▶ INSTRUCTIONS TO FOLLOW
Beginning with the line that holds "This gorgeous green", copy each line exactly through the end of the entries, but leave the pictures out.

----------------

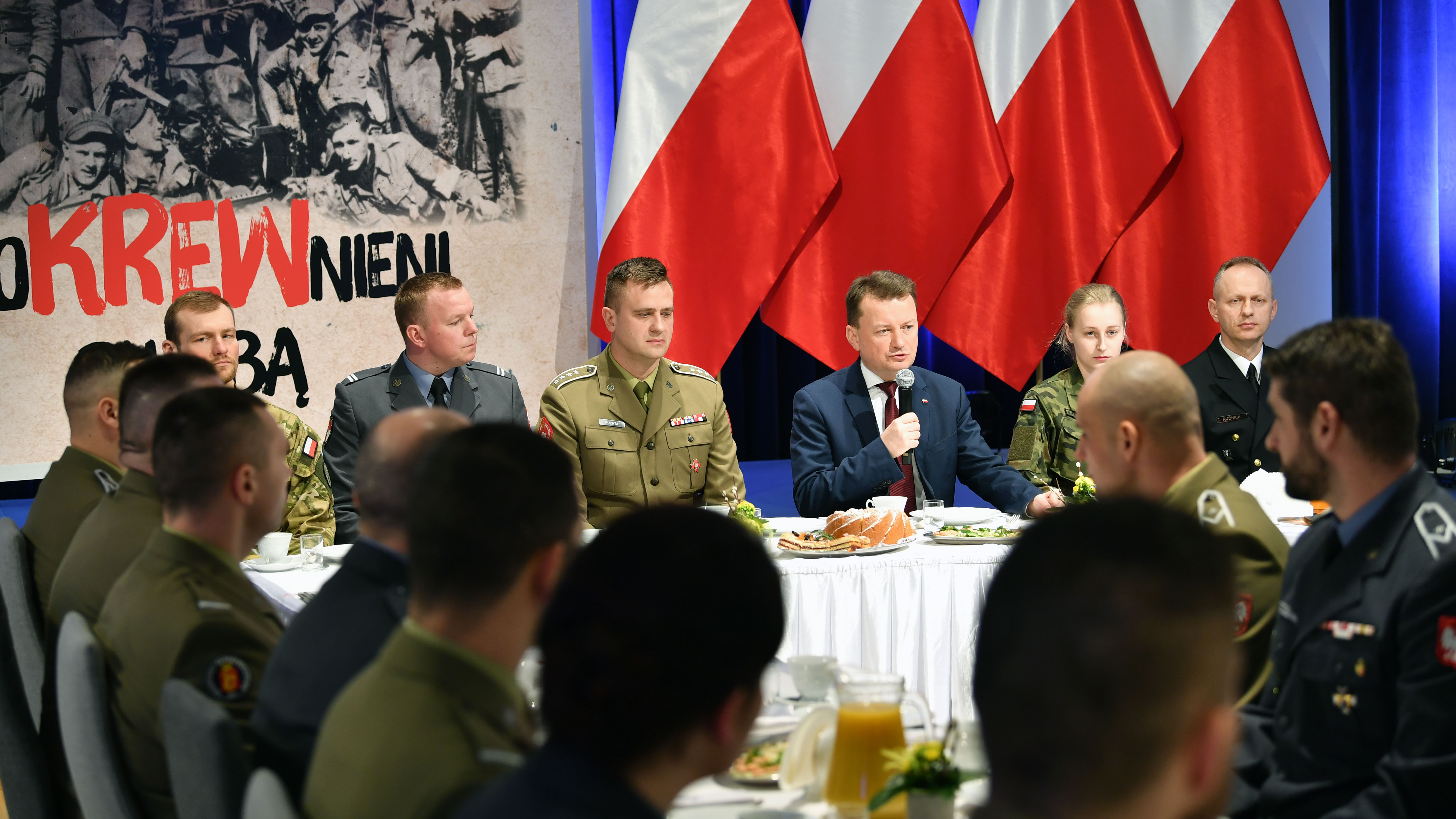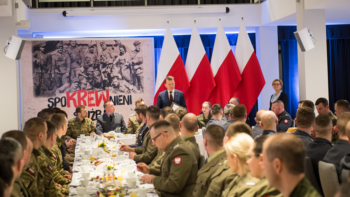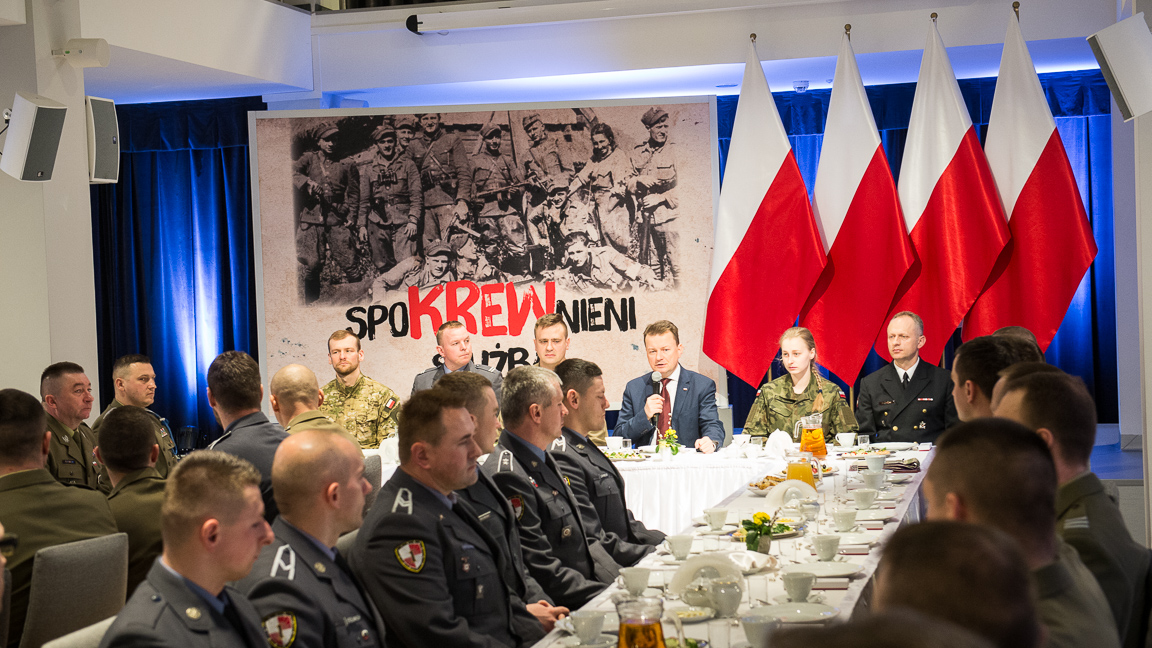 W trakcie spotkania minister podziękował żołnierzom, którzy zaangażowali się w ogólnopolską zbiórkę krwi w hołdzie Żołnierzom Wyklętym „SpoKREWnieni Służbą”. Minister przypomniał, że w 2018 roku, po raz pierwszy w akcji „SpoKREWnieni służbą” udział bierze Wojsko Polskie. Żołnierze oraz pracownicy polskiej armii przez cały marzec oddają krew.
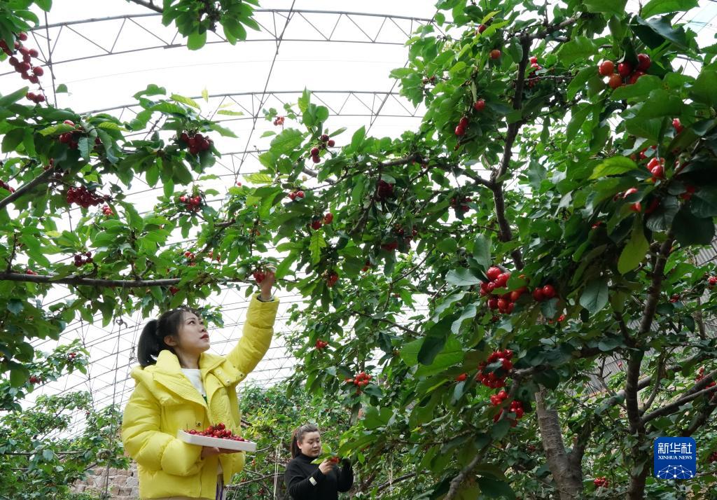 2月23日,游客在秦皇島市山海關(guān)區石河鎮一大棚內采摘櫻桃。
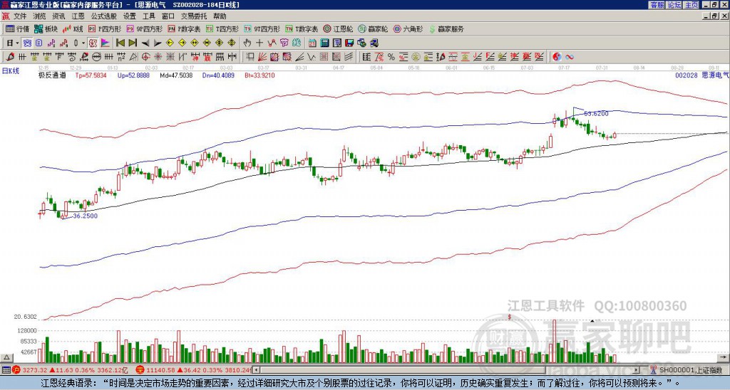 今日思源電氣002028最高價(jià)138.98上穿了贏家極反通道工具上方紅色外軌線,受到上方紅色外軌線強(qiáng)力壓制,最終收盤停留在在上方紅色外軌線與藍(lán)色外軌線上方的超強(qiáng)通道區(qū)域。思源電氣002028近10個(gè)交
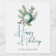 This gorgeous green typography Christmas party wine label features a beautiful watercolor of a holiday ornament and pine leaves above elegant handwritten script reading Happy Holidays. These modern holiday gift labels are a trendy and chic choice for a classy family.
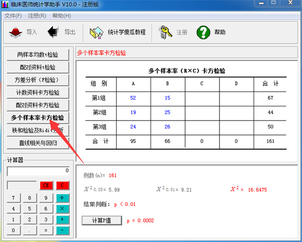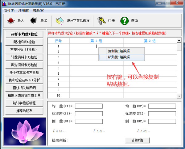 《临床医师统计学助手 V10.1》 是为临床医师量身定做的一款简明医学统计学处理软件,界面直观,全傻瓜化操作,即使仅初通统计学也极易上手。内置《医学统计学傻瓜教程》,能使您在数小时内即可学会进行常见的统计学数据处理。本软件能在每一个原始数据输入或修改的同时,实时显示t值、p值等计算结果,需要对原始数据进一步处理时,则特别适用。临床医师统计学助手使用教程

----------------

▶ WRITTEN SOLUTION
 This gorgeous green typography Christmas party wine label features a beautiful watercolor of a holiday ornament and pine leaves above elegant handwritten script reading Happy Holidays. These modern holiday gift labels are a trendy and chic choice for a classy family.
 《临床医师统计学助手 V10.1》 是为临床医师量身定做的一款简明医学统计学处理软件,界面直观,全傻瓜化操作,即使仅初通统计学也极易上手。内置《医学统计学傻瓜教程》,能使您在数小时内即可学会进行常见的统计学数据处理。本软件能在每一个原始数据输入或修改的同时,实时显示t值、p值等计算结果,需要对原始数据进一步处理时,则特别适用。临床医师统计学助手使用教程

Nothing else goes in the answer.